● **YOUR OBJECTIVE**
Return only the lines from the top of the data down to the one that holds "基于此,中科院亚热带农业生态", both included, without any pictures.

● **SOURCE INFORMATION**
[Start of Attachment]

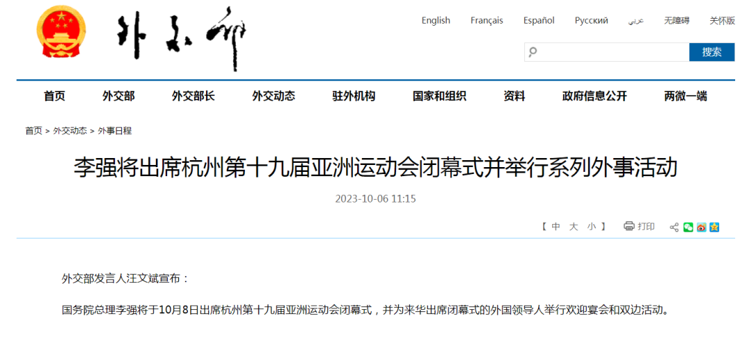 外交部刚刚宣布! 2023-10-06 11:59 环球时报 0 外交部发言人汪文斌宣布: 国务院总理李强将于10月8日出席杭州第十九届亚洲运动会闭幕式,并为来华出席闭幕式的外国领导人举行欢迎宴会和双边活动。
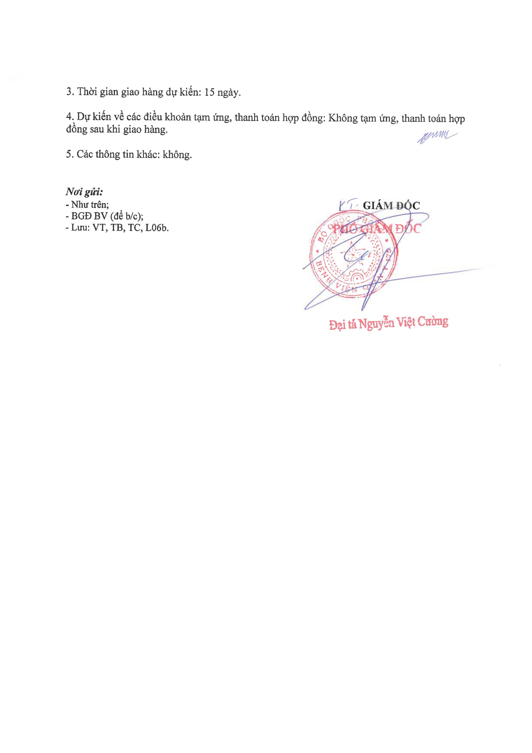 2. Thời gian giao hàng dự kiến: 15 ngày.
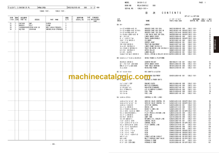 SH130-5BH, SH130-5BB, SH130-5LC Hydraulic Excavator Index:
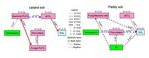基于此,中科院亚热带农业生态研究所博士研究生邱虎森在苏以荣研究员和葛体达研究员的指导下,采用同位素示踪技术定量研究了不同小分子外源碳(葡萄糖、乙酸和草酸)在亚热带红壤性水田和旱地土壤中的主要矿化和转化产物差异(CO2和MBC),研究发现,在培养期内,外源小分子有机碳在淹水稻田土壤中的累积矿化量比在旱地土壤中的累积矿化量低2-3倍。微生物对葡萄糖碳的固定量远大于对羧酸碳的固定量。相关性的结果发现厌氧环境限制了真菌分解有机碳的活性,导致稻田土壤较低的矿化速率和微弱的激发效应。我们结合结构方程模型构建了在稻田与旱地土壤中有机碳矿化速率与生物及非生物因子之间的关系,模型结果发现在旱地土壤中,细菌量的增加促进土壤有机碳矿化速率的增加。而淹水稻田土壤中真菌/细菌比值的增加抑制了土壤有机碳的矿化速率。而环境温度与土壤通气性通过改变微生物群落结构和限制其活性,导致稻田比旱地更利于有机碳积累。
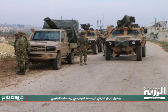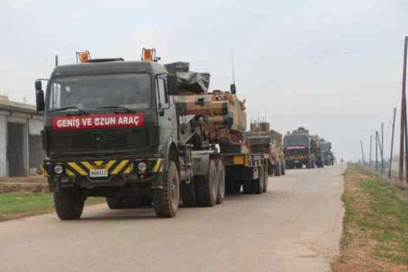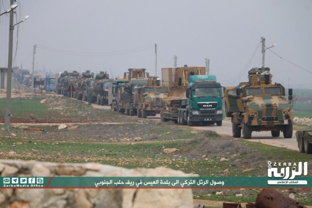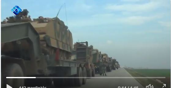 Ένα μεγάλο στρατιωτικό τουρκικό κομβόι αποτελούμενο από περίπου 100 οχήματα μεταξύ αυτών και τεθωρακισμένα μπήκε σήμερα το πρωί σε συριακό έδαφος από το συνοριοπέρασμα Kafrulusin στο Idlib.Προχώρησε και έφτασε στο στρατηγικό ύψωμα al Eis στο Ν Χαλεπίου . Η εφημερίδα Daily Turk ανέφερε ότι το τουρκικό κομβόι που μπήκε σήμερα το πρωί στη Β Συρία κατευθύνεται προς τη δημιουργία ενός έκτου σημείου επιτήρησης βάσει μιας διεθνούς συμφωνίας για τη δημιουργία ”ζωνών αποκλιμάκωσης”.
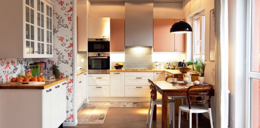 Zdj 4. Dzięki usytuowaniu pionu wodno-kanalizacyjnego w narożniku kuchni udało się uniknąć umieszczenia szafki narożnej. Aspekt wygody podyktował również wybór płyty kuchennej na 6 palników, która pomieści nawet 2 patelnie lub dużego woka.

[End of Attachment]

● **ANSWER TO THE EXERCISE**
 外交部刚刚宣布! 2023-10-06 11:59 环球时报 0 外交部发言人汪文斌宣布: 国务院总理李强将于10月8日出席杭州第十九届亚洲运动会闭幕式,并为来华出席闭幕式的外国领导人举行欢迎宴会和双边活动。
 2. Thời gian giao hàng dự kiến: 15 ngày.
 SH130-5BH, SH130-5BB, SH130-5LC Hydraulic Excavator Index:
基于此,中科院亚热带农业生态研究所博士研究生邱虎森在苏以荣研究员和葛体达研究员的指导下,采用同位素示踪技术定量研究了不同小分子外源碳(葡萄糖、乙酸和草酸)在亚热带红壤性水田和旱地土壤中的主要矿化和转化产物差异(CO2和MBC),研究发现,在培养期内,外源小分子有机碳在淹水稻田土壤中的累积矿化量比在旱地土壤中的累积矿化量低2-3倍。微生物对葡萄糖碳的固定量远大于对羧酸碳的固定量。相关性的结果发现厌氧环境限制了真菌分解有机碳的活性,导致稻田土壤较低的矿化速率和微弱的激发效应。我们结合结构方程模型构建了在稻田与旱地土壤中有机碳矿化速率与生物及非生物因子之间的关系,模型结果发现在旱地土壤中,细菌量的增加促进土壤有机碳矿化速率的增加。而淹水稻田土壤中真菌/细菌比值的增加抑制了土壤有机碳的矿化速率。而环境温度与土壤通气性通过改变微生物群落结构和限制其活性,导致稻田比旱地更利于有机碳积累。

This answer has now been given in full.